IOT is pleased to offer a competitive cost-effective disaster recovery solution for all of state government, provided that the agencies have a DR plan with IOT.
Disaster Event Possibilities for Indiana Government
- Electrical storms
- Freezing Conditions
- Contamination and Environmental Hazards
Organized and / or Deliberate Disruption
- Act of terrorism
- Act of sabotage
- Act of war
Loss of Utilities and Services
- Electrical power failure
- Loss of gas supply
- Loss of water supply
- Petroleum and oil shortage
- Communications services breakdown
- Loss of drainage / waste removal
Equipment or System Failure
- Internal power failure
- Air conditioning failure
- Production line failure
- Cooling plant failure
- Equipment failure (excluding IT hardware)
Serious Information Security Incidents
- Cyber crime
- Loss of records or data
- IT system failure
Other Emergency Situations
- Workplace violence
- Health and Safety Regulation
State DR FAQ
Does the state plan protect my agency from all disaster situations?
No. Though it does offer protection from the vast majority of scenarios, there are a limited number of disasters that could affect both the primary and secondary data centers. Most notable among these is an earthquake. Earthquakes are rare in Indiana and damaging ones even more so.
Disasters are not common in Indiana. Why should my agency participate?
Indiana is fortunate that it does not face some of the environmental threats other states do. However, agencies need look no further than recent damage to the Regions bank building in Indianapolis to understand that we are at risk. Similar damage to the state’s data center would have resulted in extended down time.
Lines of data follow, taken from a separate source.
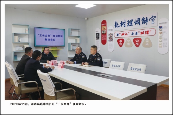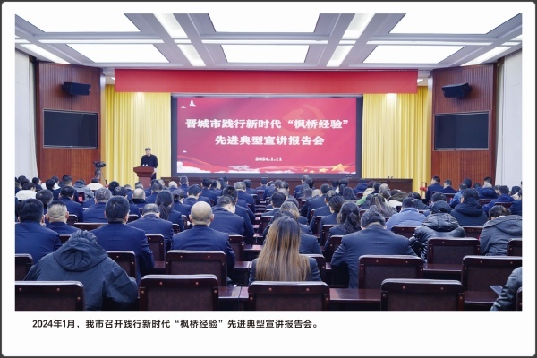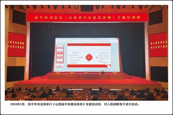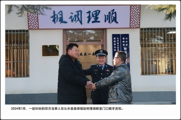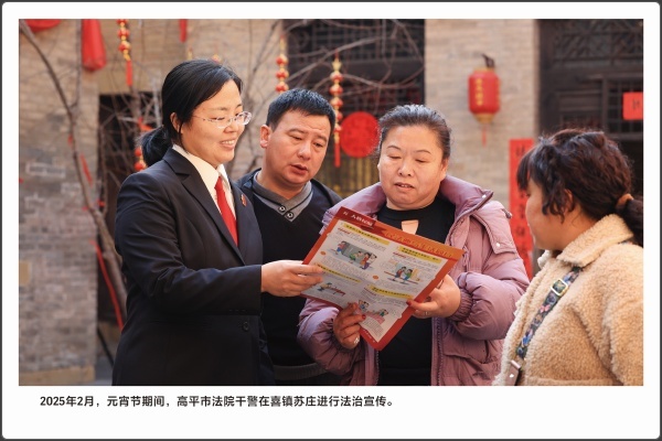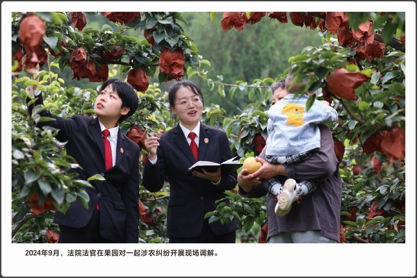 法律的生命力在于实施。运用法治思维和法治方式化解矛盾,推动矛盾纠纷预防化解工作法治化,是政法机关的一项重要工作。本版块共展出5幅照片,包含“赵树理调解工作法”在2023年被中央政法委表彰为全国新时代“枫桥经验”先进典型;2024年9月,高平法院法官在果园里,对一起涉农纠纷开展现场调解。
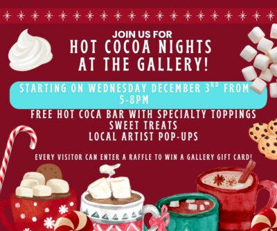 Join Harford Artists Gallery the first three Wednesdays in December for a sweet escape into art and flavor! Sip from our decadent hot cocoa bar, complete with specialty toppings, and browse handcrafted treasures from local artists. Cozy vibes, creative finds, and cocoa magic await! What is your favorite cocoa topping?
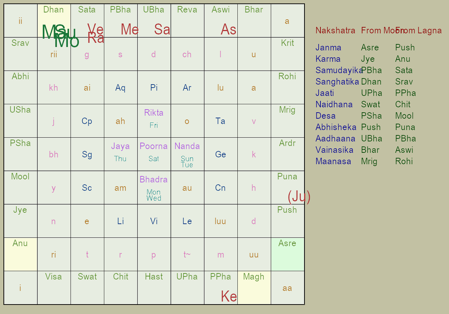 VARSHAPHALA CHART FOR THE US DOLLAR

DR capabilities are now available and with the affordable costs should be carefully considered.
What if I don’t sign up for coverage?
Your system will be recovered on a best efforts basis. That time period is at least 45 days and most likely longer. Preparation and planning are the only way to successfully handle disaster scenarios. Facilities, infrastructure and testing must be in place to recover in a timely manner.
Can state agencies split production between the primary and secondary data centers to cut costs and increase protection?
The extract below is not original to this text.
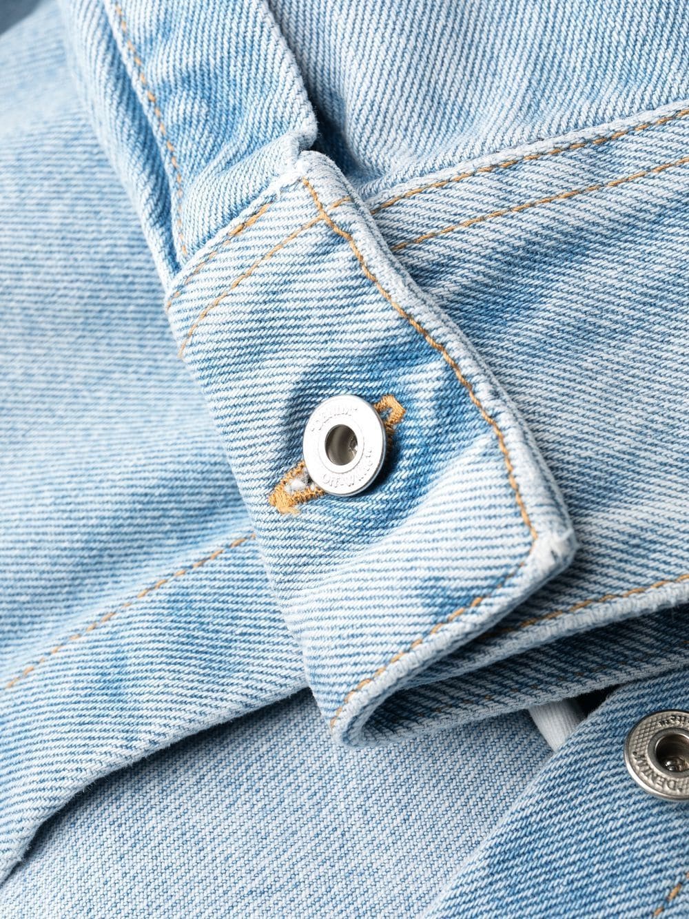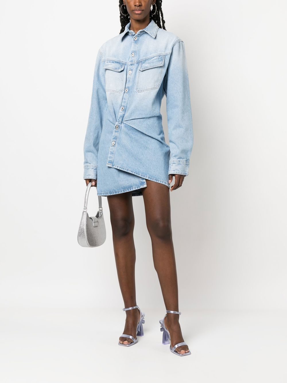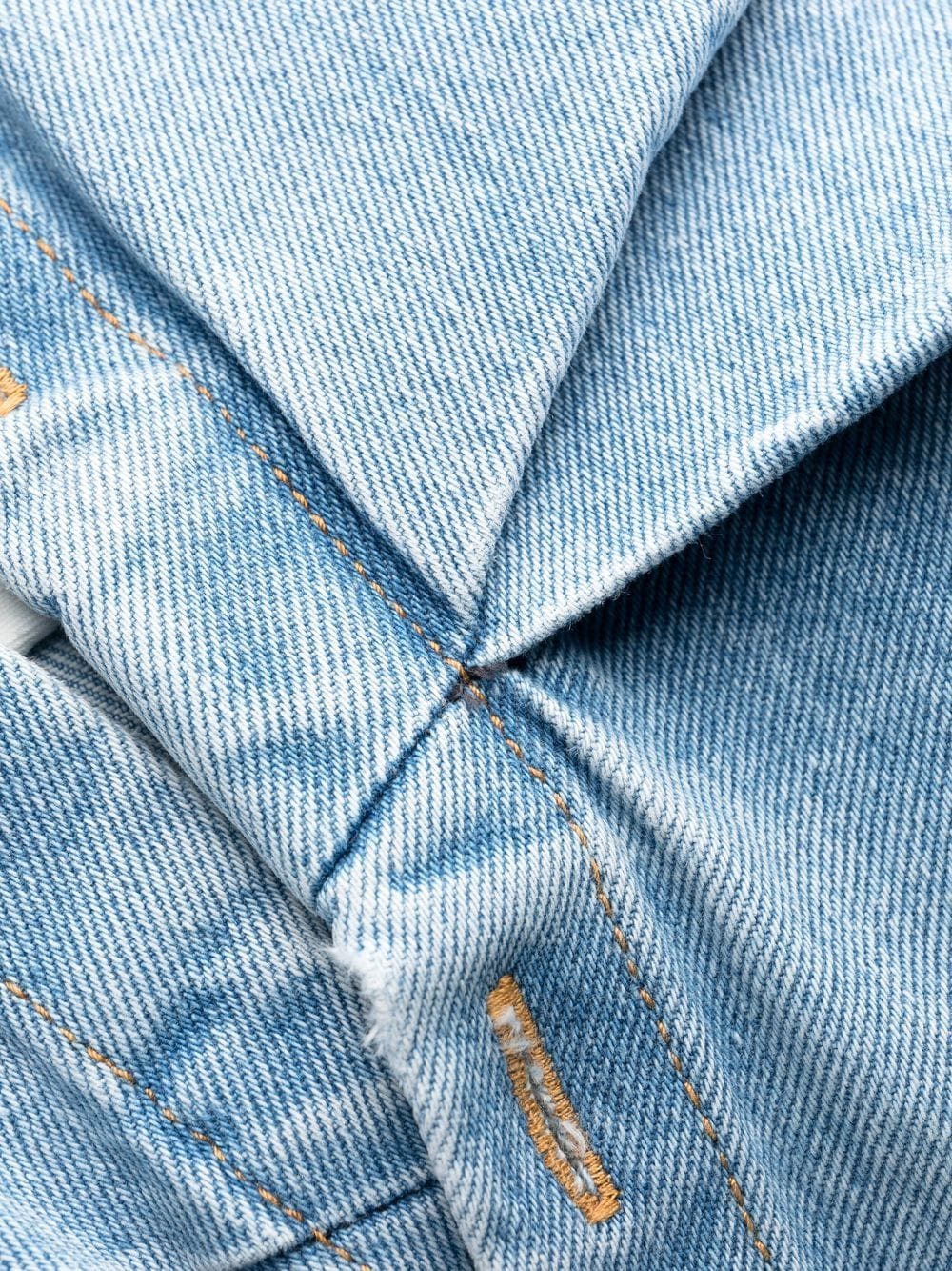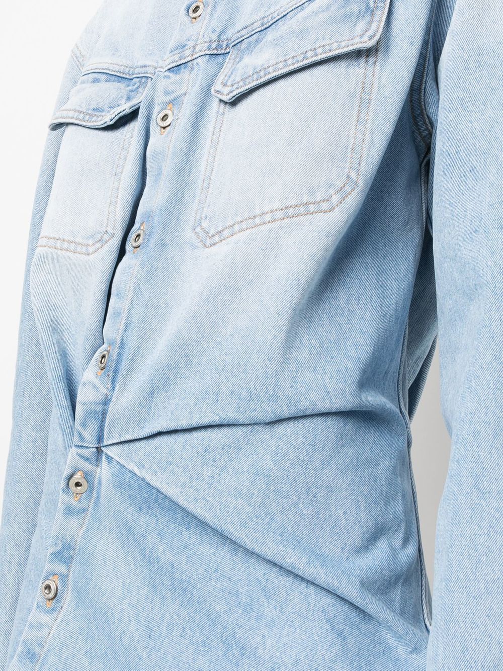 light blue cotton denim light wash asymmetric design long sleeves front button fastening classic collar

IOT completed the pilot for the split production operation between primary and secondary data centers for 4 years to find there are some performance degradation due to the geographical distance that impacts systems that have heavy transactions demands. IOT came up with a new service offering under Classification/Category/Designation DR Premium that standardized all high availability operations localized to the primary data center and have VMware replication to provide DR capabilities with improved the RTO/RPO timeframes.
How does an agency contact IOT to work on a DR plan for their systems or any questions relate to DR?
Agency contacts the HelpDesk to open a ticket and requests it to be assigned to the Disaster Recovery Queue with the questions or interest in an IOT DR plan.
Does IOT support Disaster Recovery for Cloud supported systems?
In alignment with hybrid everything, IOT is currently working on identifying the core dependencies such as internet gateway on all supported data center, site to site VPN, Identity management for state and public etc.
IOT strongly recommends agencies to follow through the guidelines provided under Agency Responsibilities so we can partner and collaborate to establish the boundaries of support and recoverability expectations, as SLA might vary with the contract worked out with the cloud vendor.
What are the other IOT Shared Services other than Exchange, File Services, Print Services, etc., that have DR Recovery Plans?
Shared Proxy, Shared SQL (not for all systems so check with your SQL Team), Shared Oracle (not for all systems so check with your Oracle Team), Shared SQL Reporting Services, Shared RightFax, Shared Cisco Call Center Services, and Shared Oracle/OBIEE/Web Content Center Application Server
Does IOT have a Disaster Declaration and Communication plan documented as part of the DR plan for the agencies?
Yes, contact the Enterprise Resiliency Services Director Emily Larimer for more information.
Glossary of Terms
IOT – Indiana Office of Technology
IDHS – Indiana Department of Homeland Security
IU – Indiana University
SLA – Service Level Agreement
DR – Disaster Recovery
DRP – Disaster Recovery Plan
MHA – Multisite High Availability
COOP – Continuity Of Operation Plan
MTPOD – Maximum Tolerable Period of Disruption
RTO – Recover Time Objective (Downtime)
RPO – Recover Point Objective (Data loss)
WAN – Wide Area Network
LAN – Local Area Network
SAN – Storage Area Network
NAS – Network Attached Storage
VPN – Virtual Private Network
FAQ – Frequently Asked Questions